» **What to do**
Transcribe the records word for word. Leave every picture out.

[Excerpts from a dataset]
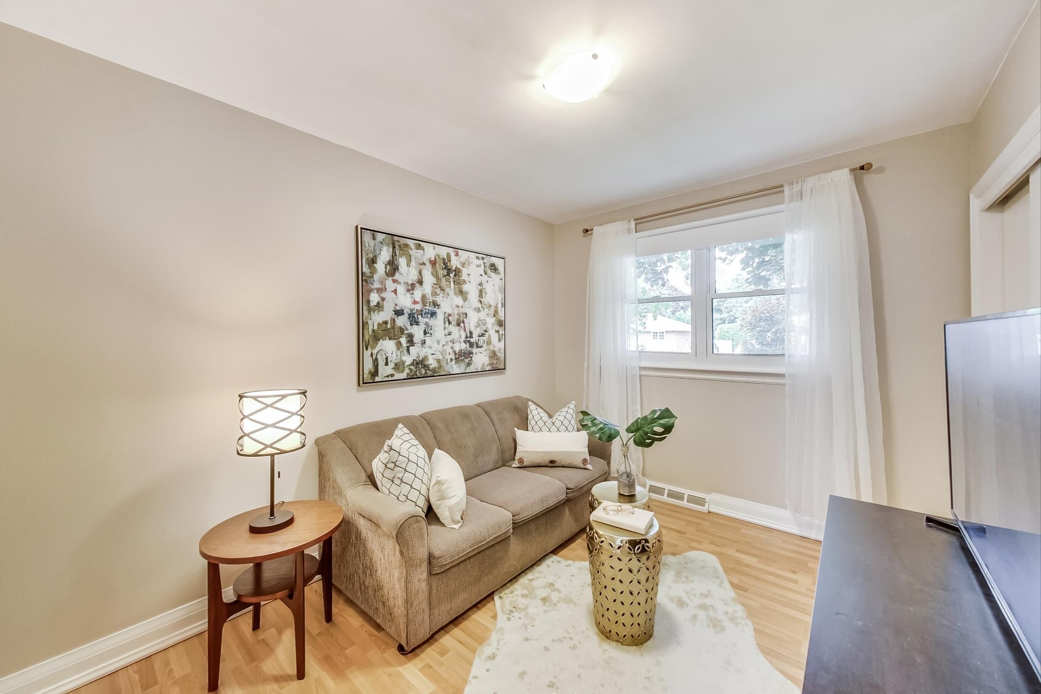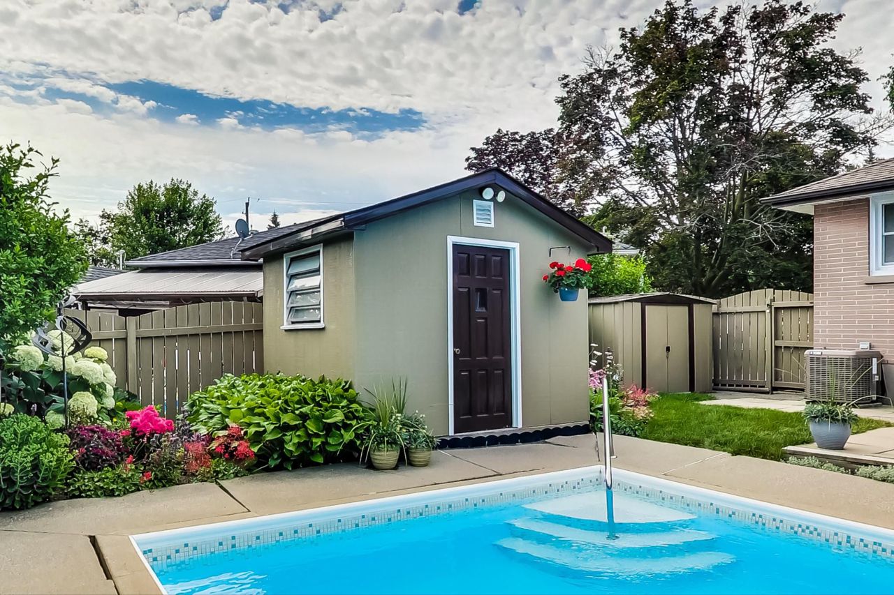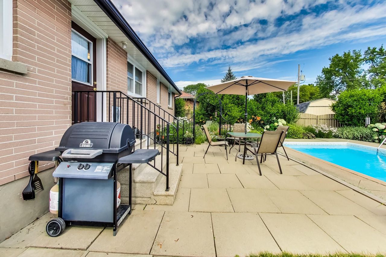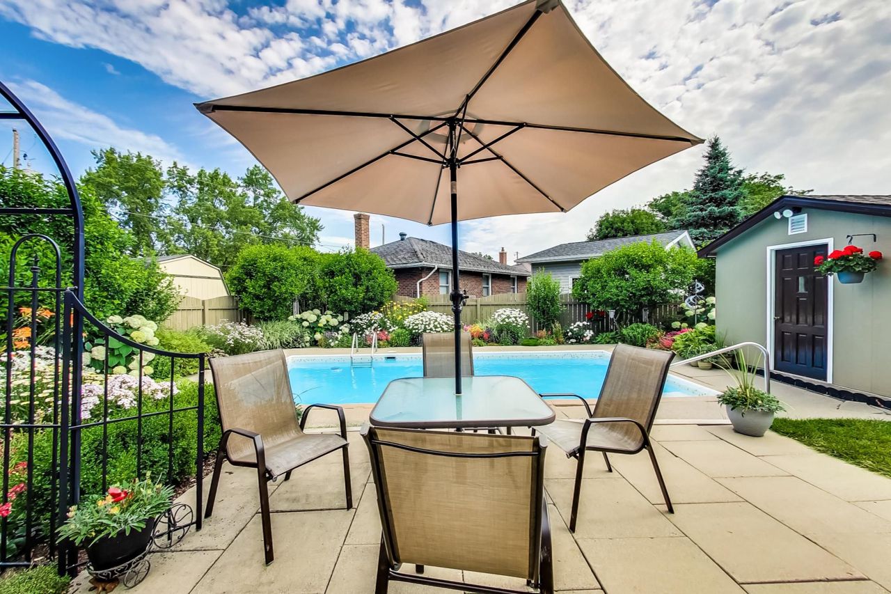 Bright & Spotless 3 bdrm bungalow tucked away in quiet mature neighbourhood. Meticulously cared for home with backyard oasis and inviting in-ground pool. Separate entrance to basement featuring Large L-shaped rec. room with retro bar, exercise area & workshop. Many recent updates including newer furnace 2022; central air (3 yrs old); Roof, soffit & eaves updated 2016 with lifetime transferable warranty (to one owner); new insulation 2016; vinyl windows & exterior doors replaced 2002, chimney rebuilt from roof up in 2015; HWT owned 2021, 2 garden sheds. Shows 10++Avg. monthly hydro approx. $290 (remember no gas bill)
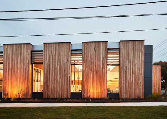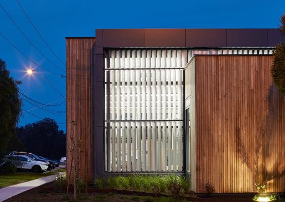 The timber used in this project was locally available and grown and has been sourced from FSC certified sources. Additional ESD Initiatives include passive solar design principles, use of materials with recycled content and/or from sustainably sourced local materials, solar array grid connected to offset electricity usage, zero VOC contained materials in the building, energy efficient electrical and water efficient fittings, allowance for connection to rainwater tanks and use of non-potable water to amenities, high performing acoustic treatment with acoustic lined wall finishes and acoustic ceilings for privacy of telephone calls as well as drought tolerant/hardy landscaping to building surrounds.
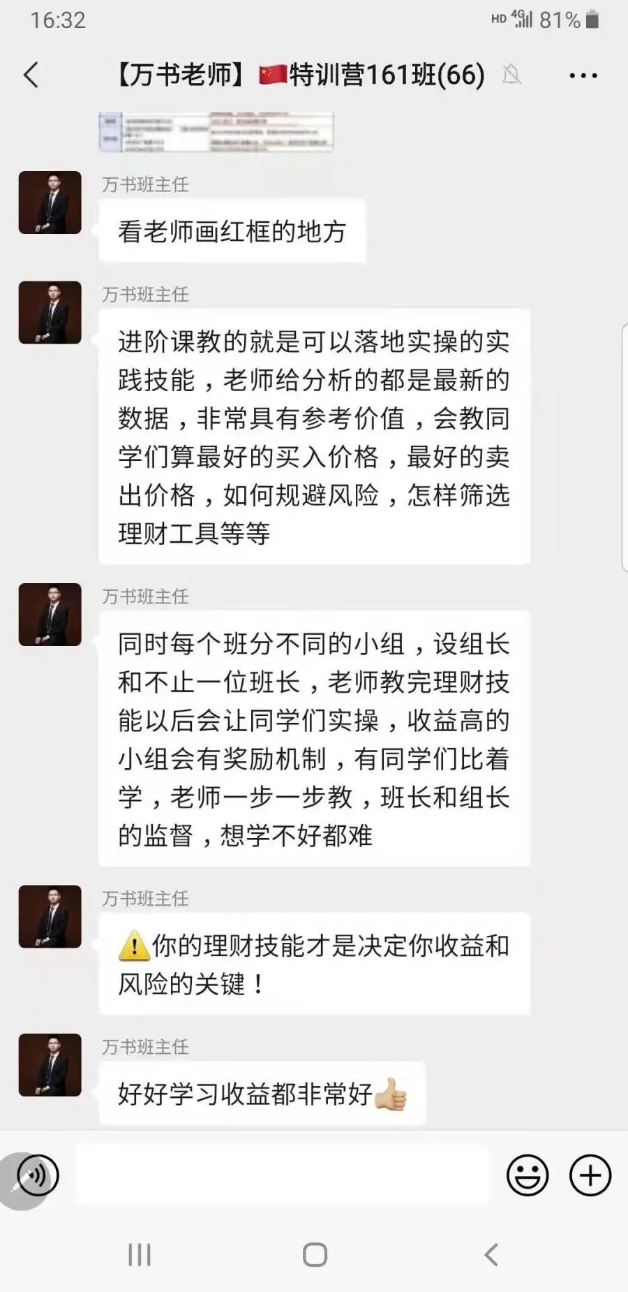近日,记者受邀花了9.9元进入到某知名财商教育机构,被拉入到一个200多人的微信群里。一位万老师每晚在微信群里进行一个多小时的语音授课,一共12天课程,课程中涉及到股票、基金、理财产品等理财内容。每次课程结束后还都留有作业。记者发现,万老师在授课中,多次提及该财商教育机构“实力雄厚”,与媒体、院校有深度合作,已经帮助很多学员实现了财富迅速增长。万老师还向学员们介绍,大家学的是基础课程,如果要在理财上有更大收获,可以选择进阶课程,并在群里发了很多截图,显示很多同学都是通过进阶课程获得了50%以上甚至好几倍的收益。而进入进阶课程,收费高达5000元以上。
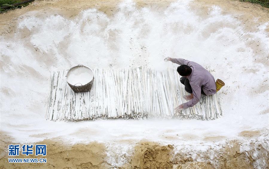 5月12日,李福安在竹条上撒石灰。新华社发(龙涛 摄)
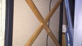 このとき、穴が斜めにならないように、ドリルを垂直に当てることが重要で、特に丸材の場合、結構難しい。本来なら、ボール盤を使いたいところだが、仏間DIYでは望むべくもない。
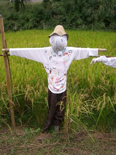かかし1号。なんだか本当に人間が入ってるみたい。
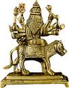 The Maa Chandraghanta God Idol represents the third form of Goddess Durga worshipped during Navratri, a Hindu festival. The idol depicts Maa Chandraghanta with a crescent moon on her forehead, symbolizing bravery and beauty. She is depicted with ten hands holding various weapons and riding a tiger, signifying courage and fearlessness. Devotees worship this idol seeking protection, strength, and inner peace during Navratri and throughout the year.
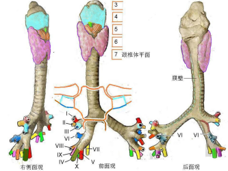图2-3-16 肺纵隔面 肺下界的位置(图2-3-16)随呼吸而变动,变动幅度直接反映肺的功能情况。在平静呼吸时,双侧肺下界的体表投影可用三点标示:前在锁骨中线与第6肋交点处,侧方在腋中线与第8肋交点处,后在肩胛线与第10肋交点处。可在病人身上通过叩诊确定,然后令病人尽量深呼气后屏住呼吸,在腋中线上叩出肺下界的上升度,再叩出深吸气后的下降度。正常升降均为3~4cm,即变动幅度可达两个椎体的高度。若变动幅度减小,可作肺功能低下或病变的依据。 二、肺内支气管和肺段 左、右主支气管入肺门后分为叶支气管。叶支气管再分为段支气管,再经多次分支,构成支气管树。一个肺段支气管及其所属的肺组织一起称为肺段pulmonary segment。双侧肺各有10个肺段(图2-3-17)。各肺段呈锥体形,尖朝向肺门,底构成肺的表面。各肺段的名称见下表。肺的病变采用肺段切除术,可减少健康肺组织被切和减少出血。熟悉肺段支气管的走向,才能成功地作肺段内脓、痰液的体位引流。
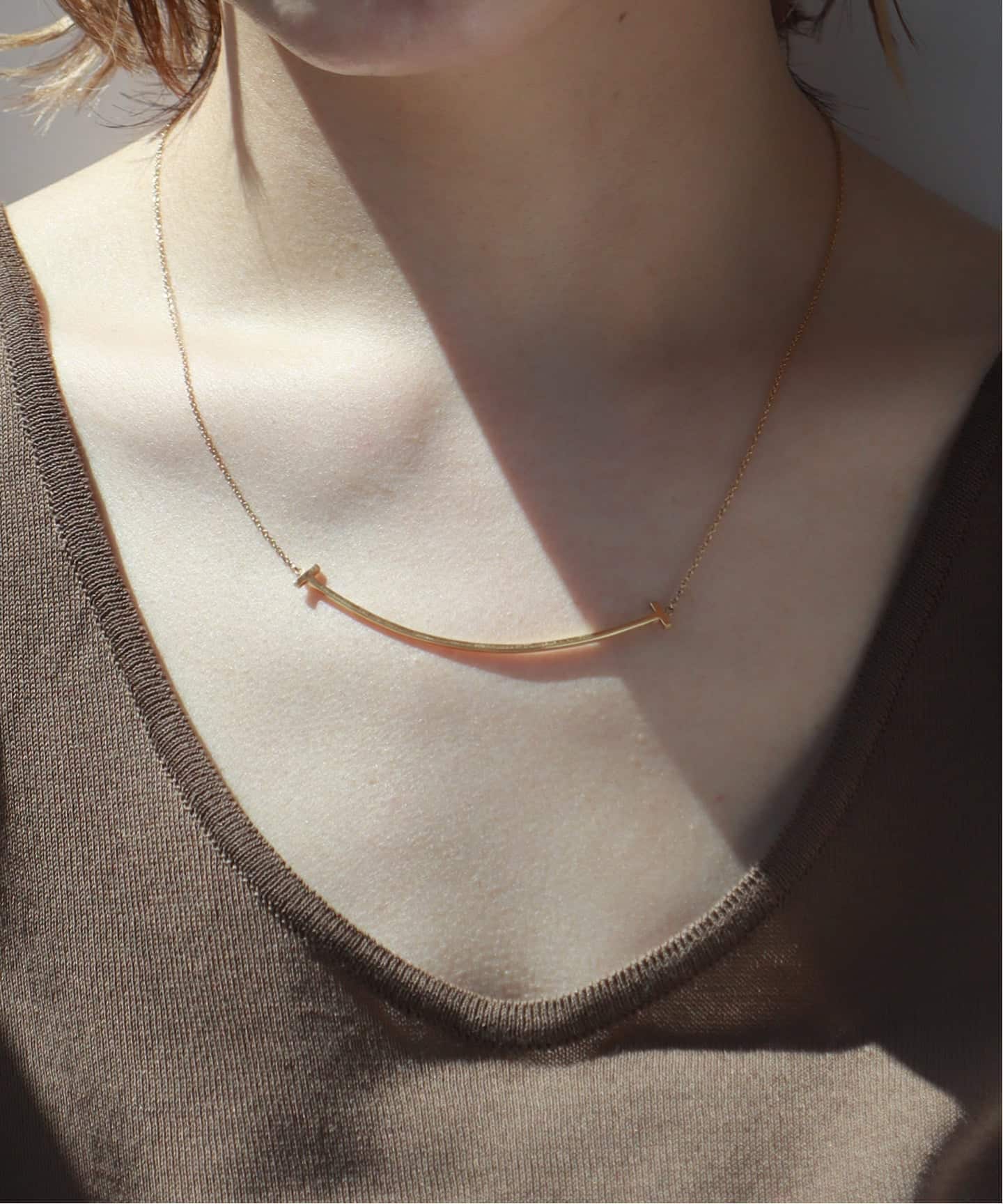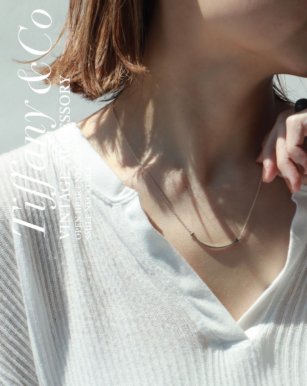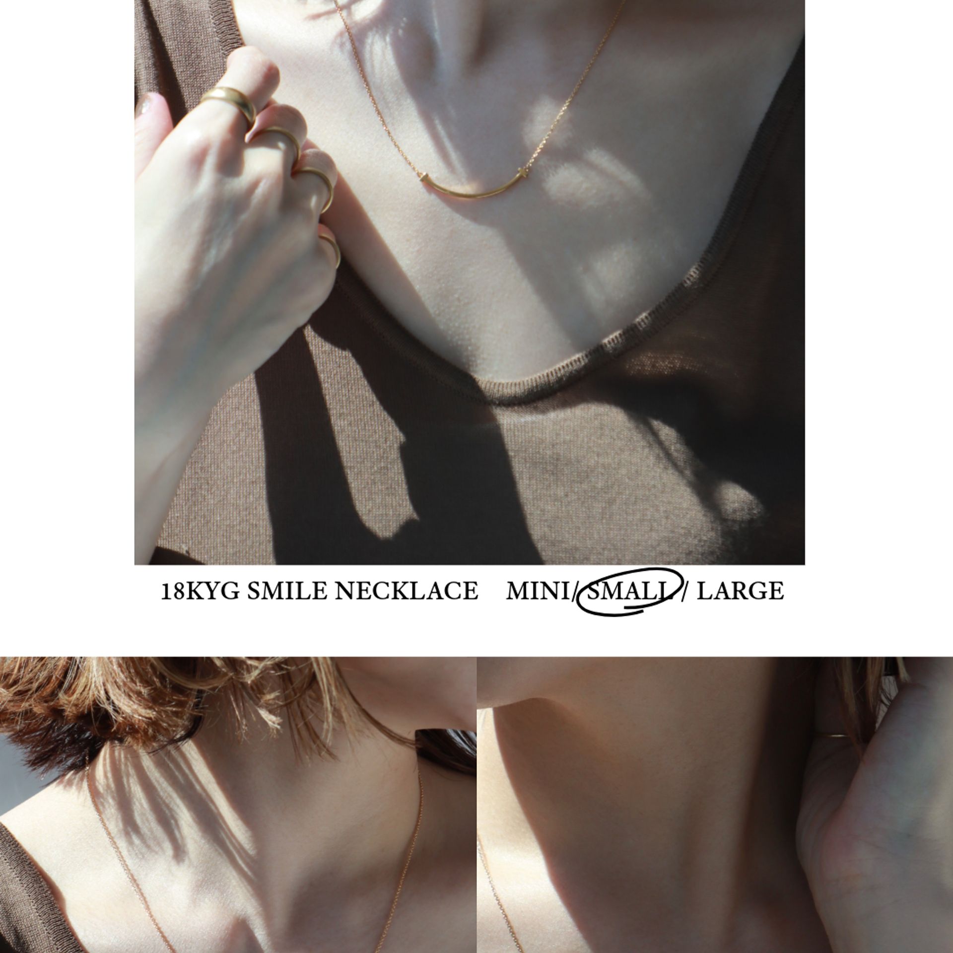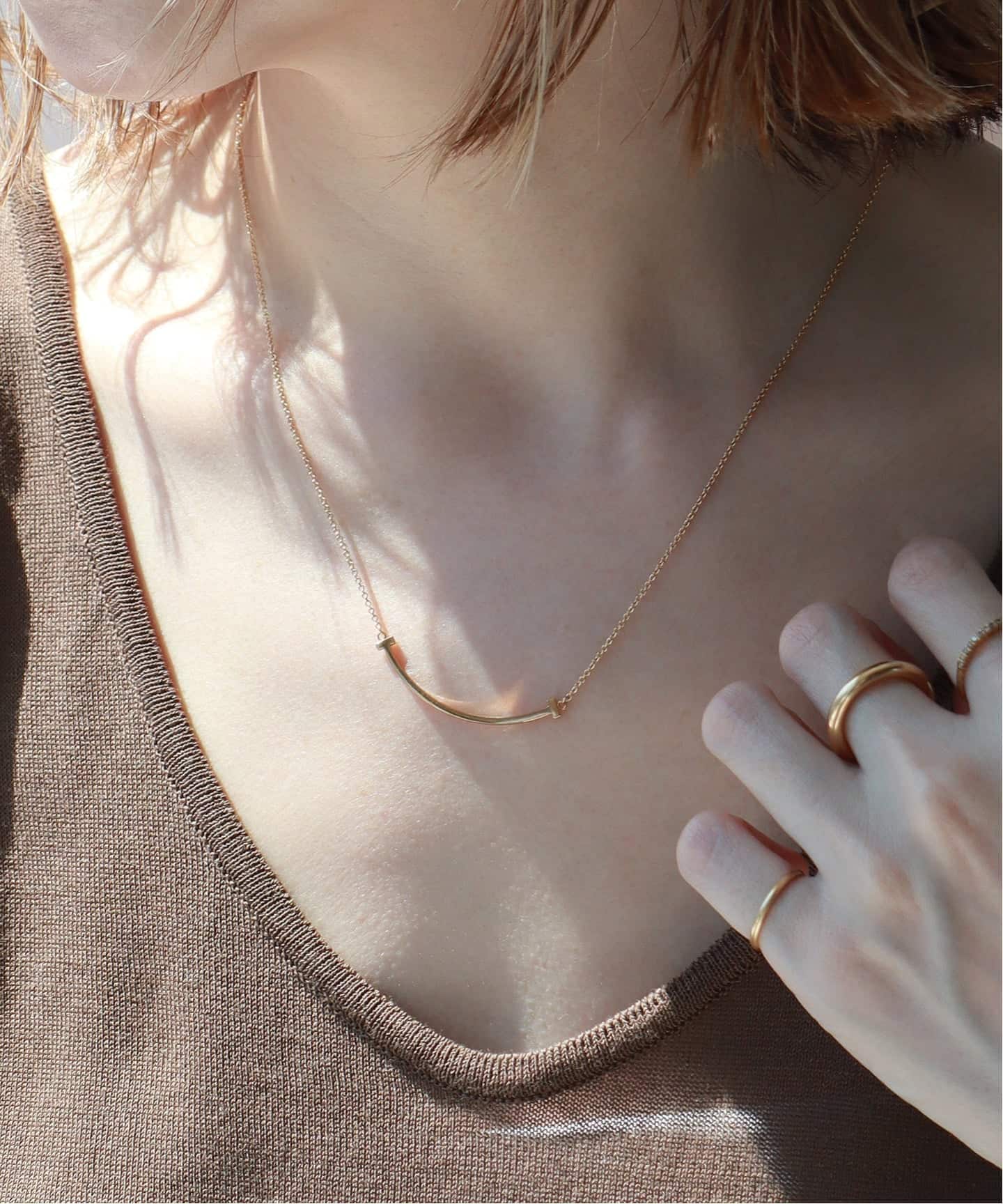 大人が選ぶスマイルのバランス。なめらかなラインがデコルテに沿うことで、夏の光をやさしく受け止め、シンプルな装いに自然な明るさを添えるスモールサイズをピックアップ。シルバーカラーのSmileを一本でさらりとつけることで、そのラインの美しさが引き立つ。

» **Task response**
 Bright & Spotless 3 bdrm bungalow tucked away in quiet mature neighbourhood. Meticulously cared for home with backyard oasis and inviting in-ground pool. Separate entrance to basement featuring Large L-shaped rec. room with retro bar, exercise area & workshop. Many recent updates including newer furnace 2022; central air (3 yrs old); Roof, soffit & eaves updated 2016 with lifetime transferable warranty (to one owner); new insulation 2016; vinyl windows & exterior doors replaced 2002, chimney rebuilt from roof up in 2015; HWT owned 2021, 2 garden sheds. Shows 10++Avg. monthly hydro approx. $290 (remember no gas bill)
 The timber used in this project was locally available and grown and has been sourced from FSC certified sources. Additional ESD Initiatives include passive solar design principles, use of materials with recycled content and/or from sustainably sourced local materials, solar array grid connected to offset electricity usage, zero VOC contained materials in the building, energy efficient electrical and water efficient fittings, allowance for connection to rainwater tanks and use of non-potable water to amenities, high performing acoustic treatment with acoustic lined wall finishes and acoustic ceilings for privacy of telephone calls as well as drought tolerant/hardy landscaping to building surrounds.
近日,记者受邀花了9.9元进入到某知名财商教育机构,被拉入到一个200多人的微信群里。一位万老师每晚在微信群里进行一个多小时的语音授课,一共12天课程,课程中涉及到股票、基金、理财产品等理财内容。每次课程结束后还都留有作业。记者发现,万老师在授课中,多次提及该财商教育机构“实力雄厚”,与媒体、院校有深度合作,已经帮助很多学员实现了财富迅速增长。万老师还向学员们介绍,大家学的是基础课程,如果要在理财上有更大收获,可以选择进阶课程,并在群里发了很多截图,显示很多同学都是通过进阶课程获得了50%以上甚至好几倍的收益。而进入进阶课程,收费高达5000元以上。
 5月12日,李福安在竹条上撒石灰。新华社发(龙涛 摄)
 このとき、穴が斜めにならないように、ドリルを垂直に当てることが重要で、特に丸材の場合、結構難しい。本来なら、ボール盤を使いたいところだが、仏間DIYでは望むべくもない。
かかし1号。なんだか本当に人間が入ってるみたい。
 The Maa Chandraghanta God Idol represents the third form of Goddess Durga worshipped during Navratri, a Hindu festival. The idol depicts Maa Chandraghanta with a crescent moon on her forehead, symbolizing bravery and beauty. She is depicted with ten hands holding various weapons and riding a tiger, signifying courage and fearlessness. Devotees worship this idol seeking protection, strength, and inner peace during Navratri and throughout the year.
图2-3-16 肺纵隔面 肺下界的位置(图2-3-16)随呼吸而变动,变动幅度直接反映肺的功能情况。在平静呼吸时,双侧肺下界的体表投影可用三点标示:前在锁骨中线与第6肋交点处,侧方在腋中线与第8肋交点处,后在肩胛线与第10肋交点处。可在病人身上通过叩诊确定,然后令病人尽量深呼气后屏住呼吸,在腋中线上叩出肺下界的上升度,再叩出深吸气后的下降度。正常升降均为3~4cm,即变动幅度可达两个椎体的高度。若变动幅度减小,可作肺功能低下或病变的依据。 二、肺内支气管和肺段 左、右主支气管入肺门后分为叶支气管。叶支气管再分为段支气管,再经多次分支,构成支气管树。一个肺段支气管及其所属的肺组织一起称为肺段pulmonary segment。双侧肺各有10个肺段(图2-3-17)。各肺段呈锥体形,尖朝向肺门,底构成肺的表面。各肺段的名称见下表。肺的病变采用肺段切除术,可减少健康肺组织被切和减少出血。熟悉肺段支气管的走向,才能成功地作肺段内脓、痰液的体位引流。
 大人が選ぶスマイルのバランス。なめらかなラインがデコルテに沿うことで、夏の光をやさしく受け止め、シンプルな装いに自然な明るさを添えるスモールサイズをピックアップ。シルバーカラーのSmileを一本でさらりとつけることで、そのラインの美しさが引き立つ。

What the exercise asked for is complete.